Creating a Custom Objective Function in for XGBoost.XGBRegressor

So I am relatively new to the ML/AI game in python, and I'm currently working on a problem surrounding the implementation of a custom objective function for XGBoost.
My differential equation knowledge is pretty rusty so I've created a custom obj function with a gradient and hessian that models the mean squared error function that is ran as the default objective function in XGBRegressor to make sure that I am doing all of this correctly. The problem is, the results of the model (the error outputs are close but not identical for the most part (and way off for some points). I don't know what I'm doing wrong or how that could be possible if I am computing things correctly. If you all could look at this an maybe provide insight into where I am wrong, that would be awesome!

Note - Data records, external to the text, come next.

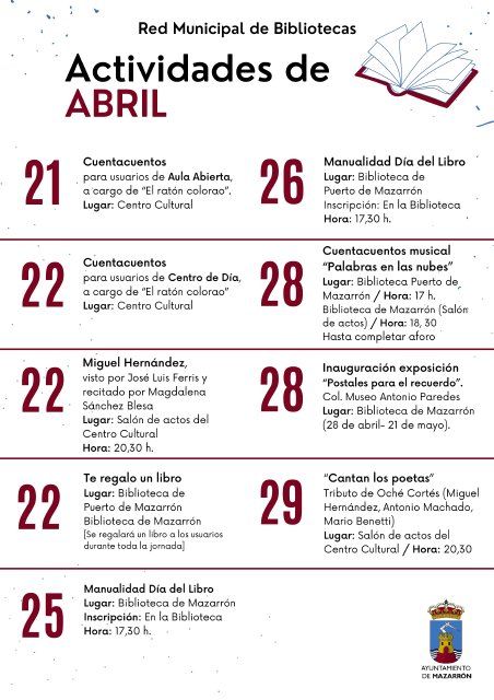 El día 25 a las 17:30 se realizará la Manualidad del Día del Libro tanto en la Biblioteca de Mazarrón. En la Biblioteca de Puerto de Mazarrón se realizará esta jornada el día 26 a las 17:30.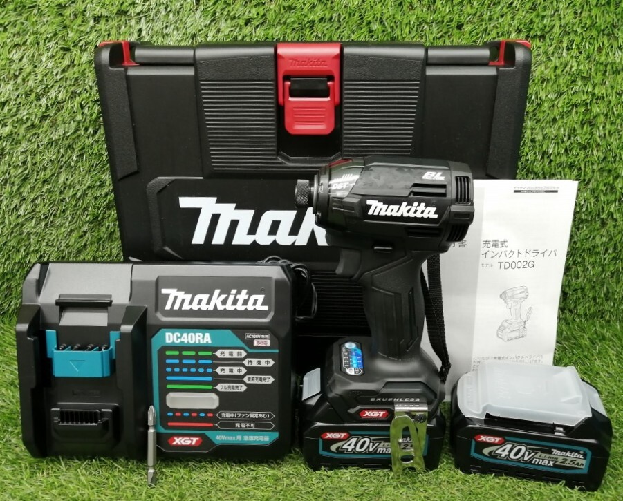 > 未使用品 makita マキタ 40Vmax 充電式 インパクトドライバ 黒 + バッテリー 2個 + 充電器 + ケース セット TD002GRDXB 【3】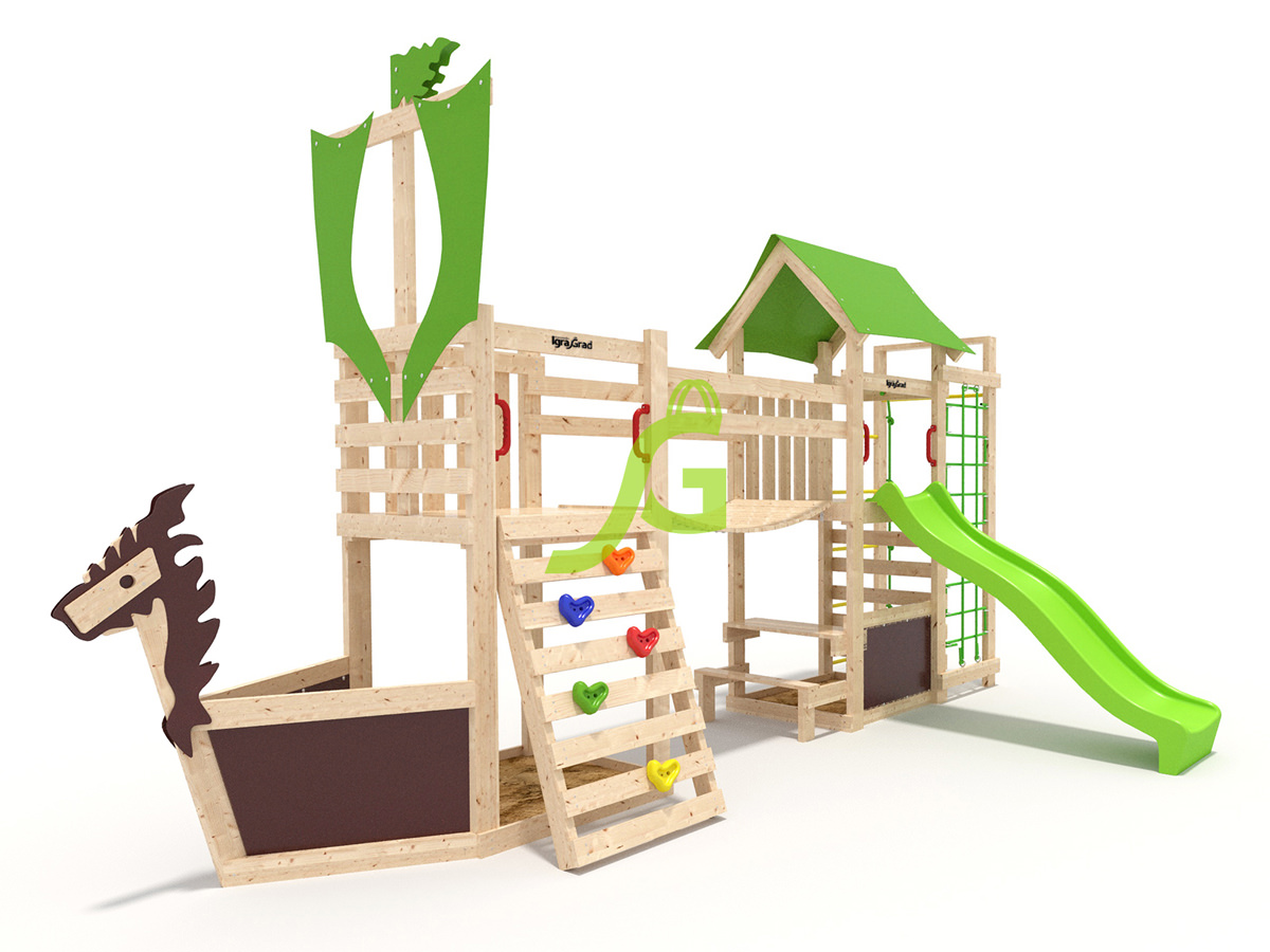 В комплект W19 Спорт входит: длина: 2,69 м, ширина: 4,72 м, высота: 2,88 м, артикул: igragrad-w19-sport-v4. Все элементы обработаны защитным покрытием, безопасным для детей. Сертификация по ГОСТ.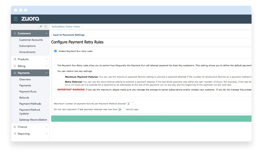 Retentez les paiements échoués et configurez vos règles de recouvrement sous le menu de configuration Z-Payments. Vous pouvez aussi rembourser en partie ou complètement les montants pour des paiements précédemment encaissés.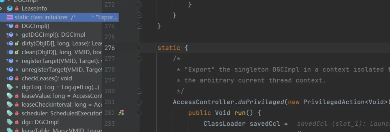 类的初始化是由 DGCImpl 这个类完成的,所以我们到里面看看,看到一个作用于class initializer的static方法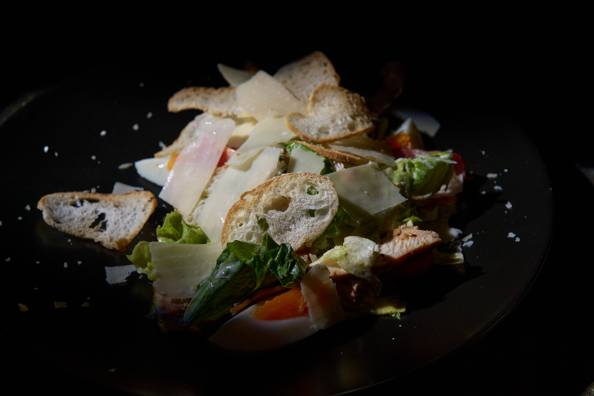 Салата Айсберг и Романа, пилешко филе и бекон на грил,хлебен чипс пармезан и дресинг Цезар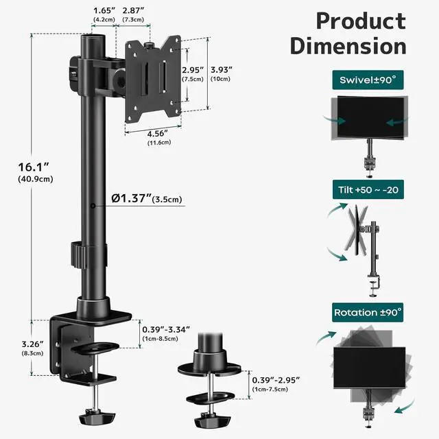 2 Installation Ways: The 2 methods of " C" clamp mount (fits desk 0.39 " to 3.3 " thick) and the grommet mount (Fits desk with thickness from 0.39 " to 3 " ).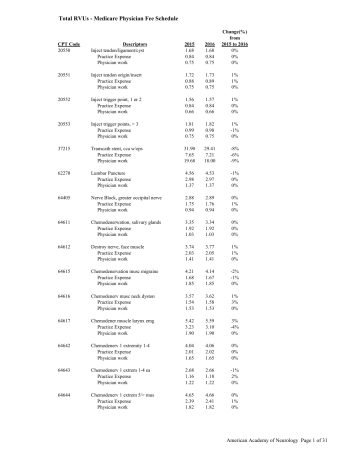 Total RVUs - Medicare Physician Fee Schedule CPT Code 20550 Descriptors Inject tendon/ligament/cyst Practice Expense Physician work 2015 1.68 0.84 0.75 2016 1.68 0.84 0.75 Change(%) from 2015 to 2016 0% 0% 0% 20551 Inject tendon origin/insert Practice Expense Physician work 1.72 0.88 0.75 1.73 0.89 0.75 1% 1% 0% 20552 Inject trigger point, 1 or 2 Practice Expense Physician work 1.56 0.84 0.66 1.57 0.84 0.66 1% 0% 0% 20553 Inject trigger points, > 3 Practice Expense Physician work 1.81 0.99 0.75 1.82 0.98 0.75 1% -1% 0% 37215 Transcath stent, cca w/eps Practice Expense Physician work 31.90 7.65 19.68 29.41 7.21 18.00 -8% -6% -9% 62270 Lumbar Puncture Practice Expense Physician work 4.56 2.98 1.37 4.53 2.97 1.37 -1% 0% 0% 64405 Nerve Block, greater occipital nerve Practice Expense Physician work 2.88 1.75 0.94 2.89 1.76 0.94 0% 1% 0% 64611 Chemodenerwation, salivary glands Practice Expense Physician work 3.35 1.92 1.03 3.34 1.92 1.03 0% 0% 0% 64612 Destroy nerve, face muscle Practice Expense Physician work 3.74 2.03 1.41 3.77 2.05 1.41 1% 1% 0% 64615 Chemodenervation musc migraine Practice Expense Physician work 4.21 1.68 1.85 4.14 1.67 1.85 -2% -1% 0% 64616 Chemodenerv musc neck dyston Practice Expense Physician work 3.57 1.54 1.53 3.62 1.58 1.53 1% 3% 0% 64617 Chemodener muscle larynx emg Practice Expense Physician work 5.42 3.23 1.90 5.59 3.10 1.90 3% -4% 0% 64642 Chemodenerv 1 extremity 1-4 Practice Expense Physician work 4.04 2.01 1.65 4.06 2.02 1.65 0% 0% 0% 64643 Chemodenerv 1 extrem 1-4 ea Practice Expense Physician work 2.68 1.16 1.22 2.66 1.18 1.22 -1% 2% 0% 64644 Chemodenerv 1 extrem 5/> mus Practice Expense Physician work 4.65 2.39 1.82 4.66 2.41 1.82 0% 1% 0% American Academy of Neurology Page 1 of 31 Total RVUs - Medicare Physician Fee Schedule CPT Code 64645 Descriptors Chemodenerv 1 extrem 5/> ea Practice Expense Physician work 2015 3.26 1.54 1.39 2016 3.28 1.56 1.39 Change(%) from 2015 to 2016 1% 1% 0% 64646 Chemodenerv trunk musc 1-5 Practice Expense Physician work 4.39 2.15 1.80 4.31 2.08 1.80 -2% -3% 0% 64647 Chemodenerv trunk musc 6/> Practice Expense Physician work 5.07 2.46 2.11 5.08 2.45 2.11 0% 0% 0% 64650 Chemodenervation, eccrine glands Practice Expense Physician work 2.22 1.40 0.70 2.21 1.38 0.70 0% -1% 0% 64653 Chemodenervation, eccrine glands Practice Expense Physician work 2.71 1.59 0.88 2.76 1.63 0.88 2% 3% 0% 67345 Destroy nerve of eye muscle Practice Expense Physician work 6.88 3.46 3.01 6.90 3.47 3.01 0% 0% 0% 70554 fMRI, brain by tech Practice Expense Professional Component Practice Expense - PC Technical Component Practice Expense - TC Physician work 12.65 10.37 3.06 0.80 9.59 9.57 2.11 12.66 10.39 3.03 0.79 9.63 9.60 2.11 0% 0% -1% -1% 0% 0% 0% 70555 fMRI, brain by phy/pshch Professional Component Practice Expense - PC Technical Component Practice Expense - TC Physician work N/A 3.69 0.94 N/A N/A 2.54 N/A 3.60 0.92 N/A N/A 2.54 N/A -2% -2% N/A N/A 0% American Academy of Neurology Page 2 of 31 Total RVUs - Medicare Physician Fee Schedule CPT Code 92540 Descriptors Vestibular testing Practice Expense Professional Component Practice Expense - PC Technical Component Practice Expense - TC Physician work 2015 2.87 1.32 2.24 0.70 0.63 0.62 1.50 2016 2.87 1.31 2.25 0.70 0.62 0.61 1.50 Change(%) from 2015 to 2016 0% -1% 0% 0% -2% -2% 0% 92541 Spontaneous nystagmus test Practice Expense Professional Component Practice Expense - PC Technical Component Practice Expense - TC Physician work 0.63 0.21 0.59 0.18 0.04 0.03 0.40 0.68 0.26 0.59 0.18 0.09 0.08 0.40 8% 24% 0% 0% 125% 167% 0% 92542 Postional syntagmus test Practice Expense Professional Component Practice Expense - PC Technical Component Practice Expense - TC Physician work 0.74 0.24 0.70 0.21 0.04 0.03 0.48 0.79 0.28 0.71 0.21 0.08 0.07 0.48 7% 17% 1% 0% 100% 133% 0% 92537 92538 Caloric vstblr test w/rec, bithermal Practice Expense Professional Component Practice Expense - PC Technical Component Practice Expense - TC Physician work 1.14 0.51 0.90 0.28 0.24 0.23 0.60 Caloric vstblr test w/rec, monothermal Practice Expense Professional Component Practice Expense - PC Technical Component Practice Expense - TC Physician work 0.58 0.26 0.45 0.14 0.13 0.12 0.30 American Academy of Neurology Page 3 of 31 Total RVUs - Medicare Physician Fee Schedule CPT Code Descriptors 2015 2016 Change(%) from 2015 to 2016 92544 Optokinetic nystagmus test Practice Expense Professional Component Practice Expense - PC Technical Component Practice Expense - TC Physician work 0.44 0.15 0.40 0.12 0.04 0.03 0.27 0.47 0.18 0.40 0.12 0.07 0.06 0.27 7% 20% 0% 0% 75% 100% 0% 92585 Brainstem Auditory EP Practice Expense Professional Component Practice Expense - PC Technical Component Practice Expense - TC Physician work 3.81 3.29 0.75 0.24 3.06 3.05 0.50 3.82 3.28 0.76 0.24 3.06 3.04 0.50 0% 0% 1% 0% 0% 0% 0% 93880 Carotid Duplex Scan Practice Expense Professional Component Practice Expense - PC Technical Component Practice Expense - TC Physician work 5.71 4.84 1.12 0.27 4.59 4.57 0.80 5.74 4.85 1.14 0.27 4.60 4.58 0.80 1% 0% 2% 0% 0% 0% 0% 93882 Carotid Duplex Scan Practice Expense Professional Component Practice Expense - PC Technical Component Practice Expense - TC Physician work 3.64 3.08 0.70 0.15 2.94 2.93 0.50 3.67 3.09 0.72 0.15 2.95 2.94 0.50 1% 0% 3% 0% 0% 0% 0% 93886 Transcranial Doppler Practice Expense Professional Component Practice Expense - PC Technical Component Practice Expense - TC Physician work 8.12 7.15 1.32 0.37 6.80 6.78 0.91 7.98 6.98 1.35 0.37 6.63 6.61 0.91 -2% -2% 2% 0% -3% -3% 0% 93888 Transcranial Doppler Practice Expense Professional Component Practice Expense - PC Technical Component Practice Expense - TC Physician work 4.22 3.68 0.72 0.19 3.50 3.49 0.50 4.17 3.62 0.73 0.19 3.44 3.43 0.50 -1% -2% 1% 0% -2% -2% 0% American Academy of Neurology Page 4 of 31 Total RVUs - Medicare Physician Fee Schedule CPT Code 93890 Descriptors TCD, vasoreactivity study Practice Expense Professional Component Practice Expense -

The original code without a custom function is:
import xgboost as xgb
reg = xgb.XGBRegressor(n_estimators=150,
max_depth=2,
objective ="reg:squarederror",
n_jobs=-1)
reg.fit(X_train, y_train)
y_pred_test = reg.predict(X_test)
and my custom objective function for MSE is as follows:
def gradient_se(y_true, y_pred):
#Compute the gradient squared error.
return (-2 * y_true) + (2 * y_pred)
def hessian_se(y_true, y_pred):
#Compute the hessian for squared error
return 0*(y_true + y_pred) + 2
def custom_se(y_true, y_pred):
#squared error objective. A simplified version of MSE used as
#objective function.
grad = gradient_se(y_true, y_pred)
hess = hessian_se(y_true, y_pred)
return grad, hess
the documentation reference is here
Thanks!
According to the documentation, the library passes the predicted values (y_pred in your case) and the ground truth values (y_true in your case) in this order.
You pass the y_true and y_pred values in reversed order in your custom_se(y_true, y_pred) function to both the gradient_se and hessian_se functions. For the hessian it doesn't make a difference since the hessian should return 2 for all x values and you've done that correctly.
For the gradient_se function you've incorrect signs for y_true and y_pred.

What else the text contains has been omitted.